Für Anneliese, Friedrich-Wilhelm und AdolfMein Buch ist ein Roman. Ähnlichkeiten mit lebenden oder verstorbenen Personen, mit Orten oder tatsächlichen Begebenheiten wären rein zufällig.H. Sch.

In der Geschichte benutzt der Autor Worte wie »Neger« und »Zigeuner« im Sprachgebrauch des Jahres 1947. Auch gibt er Vorurteile seiner jungen Protagonisten wieder.

1

Als es passierte, lebte ich schon seit vier Jahren bei verwandten Bauern südlich von Lüneburg. Obwohl ich weder ein Waisenkind war wie Luise noch ein Findling mit geheimnisvoller Herkunft.

Zwischen meinen Eltern und mir hatte es nur noch Zankerei und gegenseitiges Belauern gegeben. Wie feindliche Soldaten im Schützengraben, hat mein Vater es einmal ausgedrückt. Der Alte redete gern in Vergleichen aus dem Krieg, wo sie ihm beim ersten Kampfeinsatz in Polen ein Bein weggeschossen haben. Danach hatte er mehr Zeit, sich um mich zu kümmern. Manchmal benutzte er dazu seine Krücken.

Irgendwann hatten meine Eltern meine Verstocktheit satt, wie sie es nannten, und schickten mich weg.
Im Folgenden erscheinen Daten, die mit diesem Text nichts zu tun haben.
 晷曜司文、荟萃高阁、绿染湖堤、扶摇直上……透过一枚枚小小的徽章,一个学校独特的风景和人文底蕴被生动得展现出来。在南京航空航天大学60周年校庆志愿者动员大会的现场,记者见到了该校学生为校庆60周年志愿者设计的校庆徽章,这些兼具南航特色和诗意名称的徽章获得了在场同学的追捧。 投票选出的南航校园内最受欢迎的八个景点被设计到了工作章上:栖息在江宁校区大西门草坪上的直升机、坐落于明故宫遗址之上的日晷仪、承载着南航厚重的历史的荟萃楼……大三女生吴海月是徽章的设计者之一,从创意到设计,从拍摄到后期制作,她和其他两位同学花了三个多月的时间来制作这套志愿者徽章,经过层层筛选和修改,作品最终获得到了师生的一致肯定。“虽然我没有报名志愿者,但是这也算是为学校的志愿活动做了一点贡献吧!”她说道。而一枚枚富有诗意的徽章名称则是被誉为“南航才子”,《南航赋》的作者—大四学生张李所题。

Mein Vater hatte mir angedroht, mich in das Internat einer Missionsgesellschaft zu stecken. Er war als Kind ein paar Jahre selbst dort gewesen und es hätte ihm nicht geschadet. Ob er das wirklich glaubte, weiß ich nicht.
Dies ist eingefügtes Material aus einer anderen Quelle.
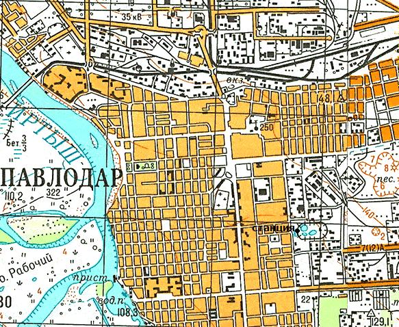 Павлодарская детская железная дорога на топографической карте

Falls du dir darunter nichts vorstellen kannst: Es ist ein Gefängnis für Kinder, wo sie täglich prügeln und alles kontrollieren, vom Rotzabwischen bis zum Beten. Ohne Frömmigkeit zu heucheln überlebst du nicht. Ich hatte in dieser Haftanstalt einmal einen Freund aus meiner früheren Klasse besucht. Ich wurde nur vorgelassen, weil seine Mutter mich mitgenommen hatte. Er sah schon nach wenigen Monaten aus wie andere nach drei Jahren Straflager in Sibirien. Ein Wunder, dass er mich noch erkannte.

Onkel und Tante retteten mich vor der frommen Hölle. Sie hörten von meinen Schwierigkeiten zu Hause und holten mich ab. Diese Bauersleute gaben mir keinen Anlass, das böse Kind zu spielen oder ekelhaft zu sein. Außerdem war hier viel mehr los, täglich Leute um mich herum, spannende Klatschgeschichten aus der Nachbarschaft und jede Menge Tiere. Ich hätte es nicht besser treffen können! Dass ich mehr als zu Hause arbeiten musste, fand ich völlig in Ordnung. Hier arbeiteten ja alle und ich war mittendrin.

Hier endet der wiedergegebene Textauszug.